Because at some point in life, if we're honest, Milton is all of us—or at least many might fear that's the case. The scene of him at Lumbergh's birthday celebration (was there ever a more perfectly-rendered scene depicting the pro-forma office "celebration" that people only attend for the cake in the first place?) was Milton in a nutshell. Overlooked, disrespected, and a time bomb, just ticking away. 

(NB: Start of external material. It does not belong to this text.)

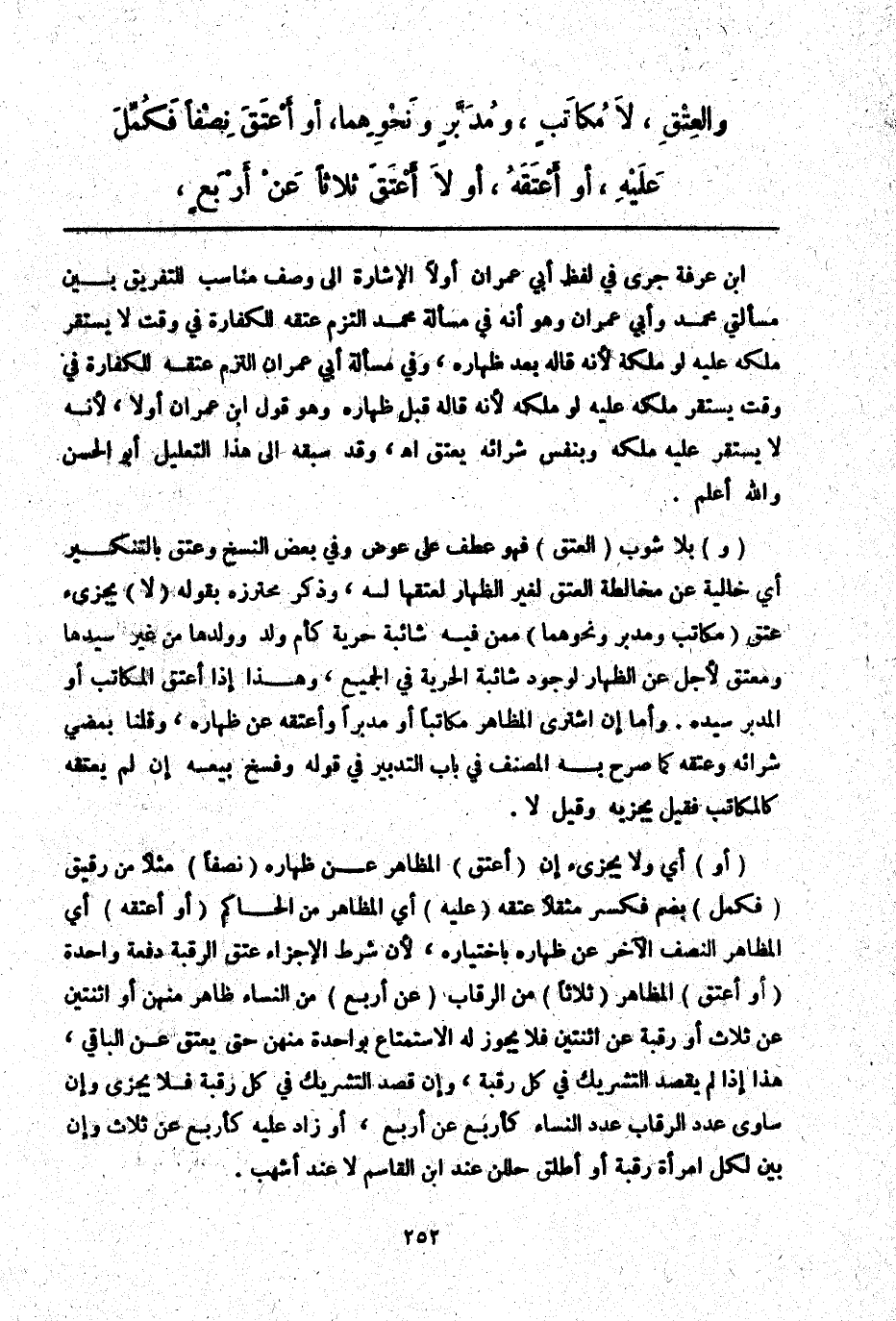 (أَوْ) أَيْ وَلَا يُجْزِئُ إنْ (أَعْتَقَ) الْمُظَاهِرُ عَنْ ظِهَارِهِ (نِصْفًا) مَثَلًا مِنْ رَقِيقٍ (فَكُمِّلَ) بِضَمٍّ فَكَسْرٍ مُثَقَّلًا عِتْقُهُ (عَلَيْهِ) أَيْ الْمُظَاهِرِ مِنْ الْحَاكِمِ (أَوْ أَعْتَقَهُ) أَيْ الْمُظَاهِرُ النِّصْفَ الْآخَرَ عَنْ ظِهَارِهِ بِاخْتِيَارِهِ لِأَنَّ شَرْطَ الْإِجْزَاءِ عِتْقُ الرَّقَبَةِ دَفْعَةً وَاحِدَةً (أَوْ أَعْتَقَ) الْمُظَاهِرُ (ثَلَاثًا) مِنْ الرِّقَابِ (عَنْ أَرْبَعٍ) مِنْ النِّسَاءِ ظَاهَرَ مِنْهُنَّ أَوْ اثْنَيْنِ عَنْ ثَلَاثٍ أَوْ رَقَبَةً عَنْ اثْنَتَيْنِ فَلَا يَجُوزُ لَهُ الِاسْتِمْتَاعُ بِوَاحِدَةٍ مِنْهُنَّ حَتَّى يُعْتِقَ عَنْ الْبَاقِي، هَذَا إذَا لَمْ يَقْصِدْ التَّشْرِيكَ فِي كُلِّ رَقَبَةٍ، وَإِنْ قَصَدَ التَّشْرِيكَ فِي كُلِّ رَقَبَةٍ فَلَا يُجْزِئُ وَإِنْ سَاوَى عَدَدُ الرِّقَابِ عَدَدَ النِّسَاءِ كَأَرْبَعٍ عَنْ أَرْبَعٍ، أَوْ زَادَ عَلَيْهِ كَأَرْبَعٍ عَنْ ثَلَاثٍ وَإِنْ بَيَّنَ لِكُلِّ امْرَأَةٍ رَقَبَةً أَوْ أَطْلَقَ حَلَلْنَ عِنْدَ ابْنِ الْقَاسِمِ لَا عِنْدَ أَشْهَبَ.

(If you act before Feb. 28, 2019, you can get your own red stapler, too—just click the image above. Consider, though, that Milton burned it all down, which may not be the most positive signal to send to a boss in the know.) 

Jennifer Aniston's role in Office Space was surprisingly small, really. 

However, her Joanna gets one of the greatest "I QUIT" moments in movie comedy history, and her nemesis is none other than Mike Judge in a toupee, doing a Lumbergh lite as her manager at Chotchkie's. 

Jennifer Aniston, Mike Judge

Jennifer Aniston, Mike Judge

Joanna's rejection of Flair Culture is epic. Actually imitating her might be a bad idea, but it's damn satisfying to watch her go.

So those are 5 classic scenes, sure—but there are dozens that could just as easily be excerpted. 

As it is, there's no way to pay tribute to Office Space without adding one of the greatest moments of all as a bonus. It's done without a bit of dialogue, just the Geto Boys rapping "Still," and it features Michael, Samir, and Peter obliterating the office printer Michael is seen struggling with throughout the first half of the movie. This scene is iconic for a reason, and it's almost all found in David Herman's face as his Michael becomes more and more enraged, finally battering the machine with his bare fists.

You've been there. Whether it was a copy machine, a computer, or a printer, every person who ever worked in an office with unfamiliar equipment has had that moment in their heads. 

The Matrix, another movie that begins with an office drone stuck in corporate hell and dreaming of a way out, premiered the same year as Office Space. 

It was an immediate hit. But it spun off into a wild cyber punk fantasy that spanned three films.

Sure, The Matrix is iconic in its own right, but that's the thing about Office Space—in the end people don't really want to soar off into space to enlighten the deadened and sleeping masses. 

Most of us just want to do work that satisfies, then sleep in and be left alone.